I may have mentioned a time or two that I was an English major.  So that meant I wrote lots and lots of papers in college.  And college being what it is, I rarely wrote any of them until the night before they were due.
I write really fast, so usually that wasn’t so painful.  My senior year I took four English classes at once.  By some evil twist of fate, my Southern Fiction and my Catholic Fiction class required four papers each that were always due on the same day.  Routinely I would start writing these papers around nine p.m. the night before the due date, and I’d be done by midnight.  This drove my roommate, who was in one of the classes with me and who was a much more painstaking writer, crazy.  She’d still be working on the first draft of her one paper and I would be all done.
If this sounds like bragging, it’s not meant that way.  Writing fast without the need for much revision is just a gift I have and I can’t claim any credit for it.  It’s a good gift for an English major–and a blogger!–to have.
Now these are five page papers I’m talking about.  When the assignment was longer, I did try to start sooner.  The problem with college (and now with life) is that things aren’t neatly ordered and often responsibilities fall on top of one another.  It was a mantra of mine in college to say “It has to get done so it will get done.”  And I would make myself do the most urgent thing first and then move on the the next.
So there were a few times when I waited too long to start a longer paper.  When I had so much to do in a given week that I just couldn’t get a head start.  When I started a ten-page paper at midnight (a paper that had to be written in longhand and then had to be TYPED ON A TYPEWRITER).  And that meant an all-nighter.

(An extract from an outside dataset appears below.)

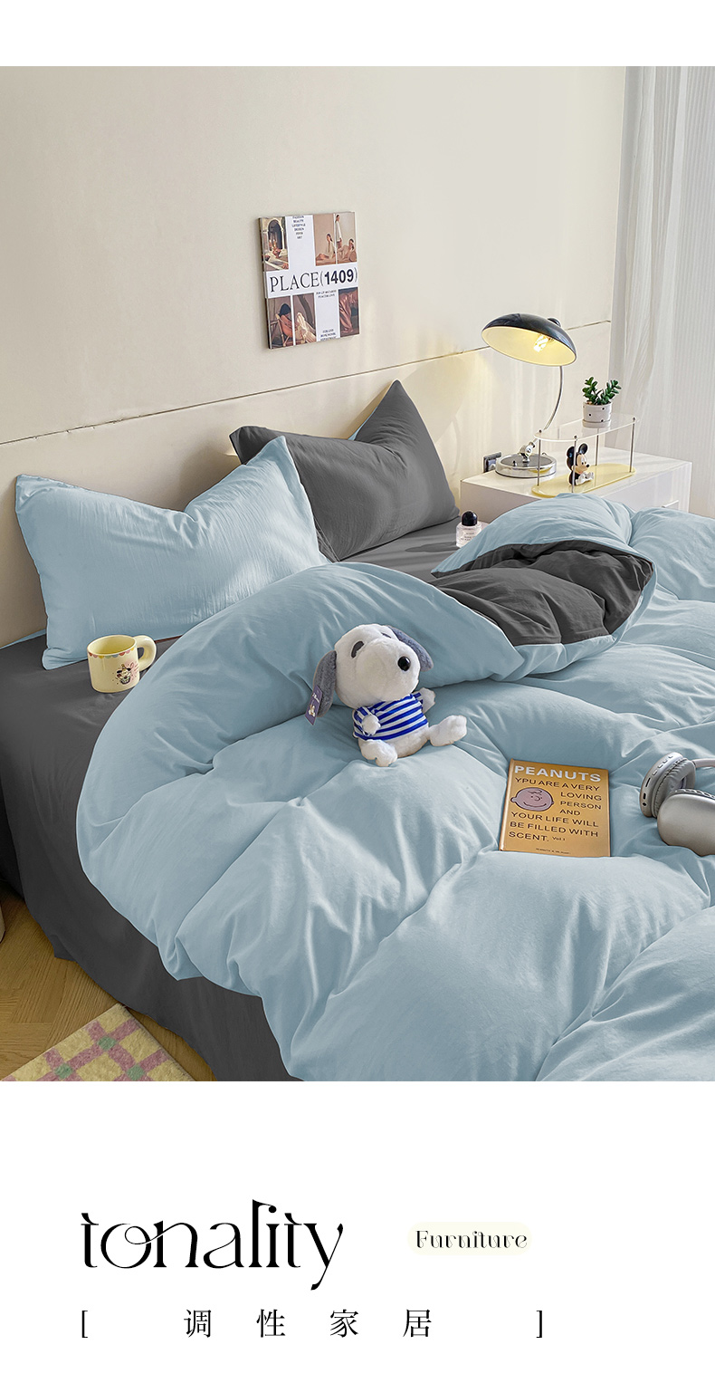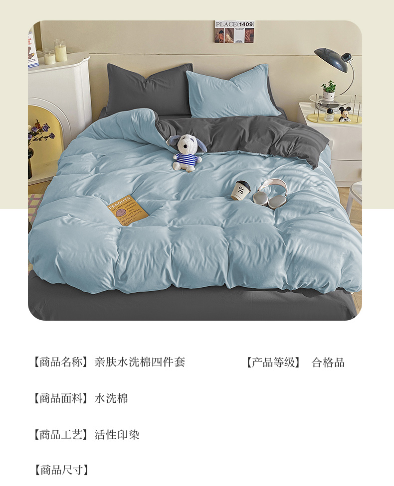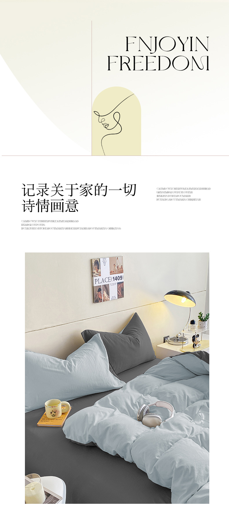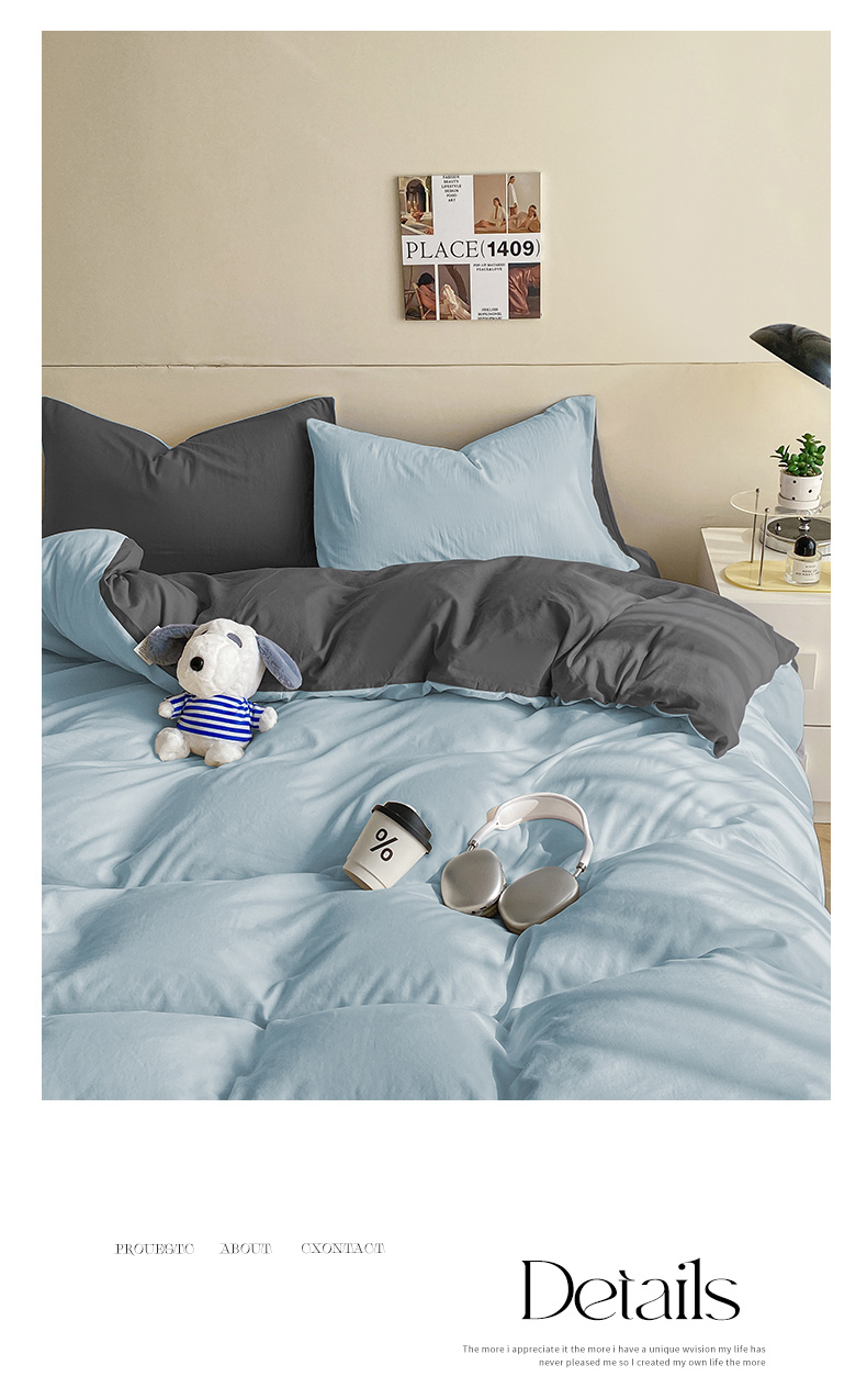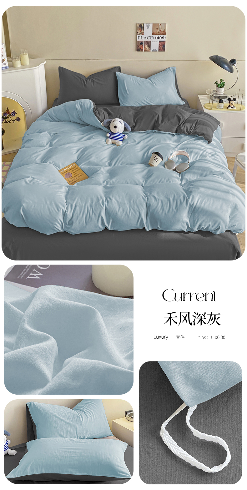 当前位置: 91家纺网 > 商品网购 > 床品套件 > 四件套 > 水洗棉四件套 > 沃朴家居 2024新款亲肤双拼水洗棉四件套学生三件套 禾风深灰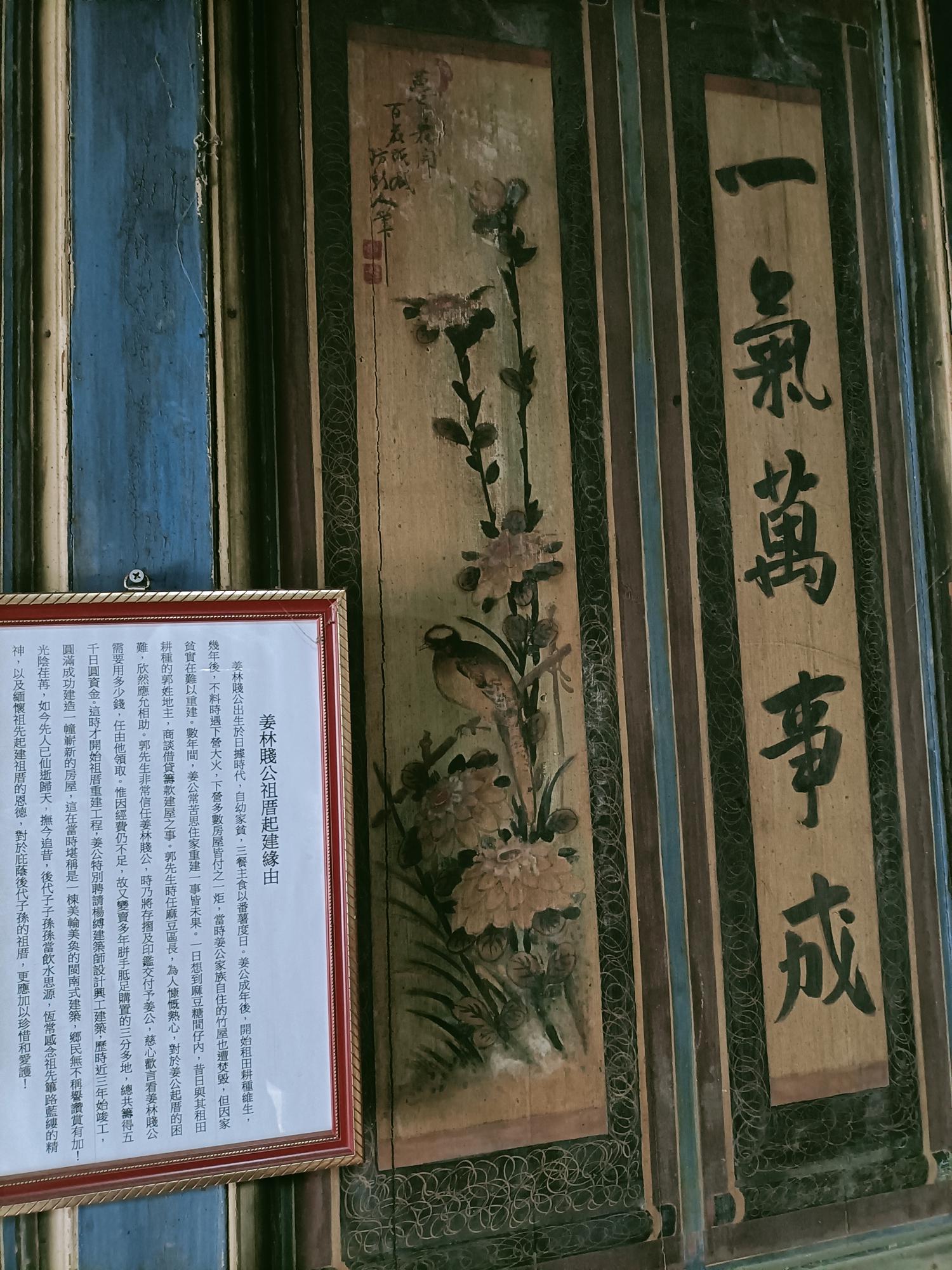 以表示姜姓林裔。宗祠則以姜姓祖籍「龍溪」與林姓祖籍「長泰」

I remember one particular time, staying up all night writing and typing until dawn and then turning in the paper the following morning.  I was writing about Gulliver’s Travels, and I was so sleepy that I kept spelling the horse-people’s name a different way every time I mentioned it.  I won’t even try to remember how to spell it now, although it would be easy because Google.  I attached an apologetic note to my paper explaining that I was exhausted and the letters just kept running together before my eyes!
When I was a little girl about ten years old my mother and I stayed up all night one night to watch the sun rise in the morning, just for fun.  She made me sweet coffee with lots of milk and we stayed up and talked all night.  It was an adventure.  In high school I sometimes stayed up all night talking with friends.  Then there were those college all-nighters.  I’ve stayed up all night laboring with four babies.  But it’s been a long time since I can remember staying up all night on purpose, particularly pulling the kind of all-nighter that is followed by a  full day of responsibilities with no opportunity for sleep until late in the following day.
But guess what?  Jake has waited until the last minute to write his Western Civilization paper, a paper with such ridiculous parameters that you wouldn’t believe them if I read them to you.  And Jake does NOT write fast.  He is going to need a lot of moral support to finish this paper and Emily and I are providing it.  It looks like we will be up all night tonight.  I hope I still have it in me.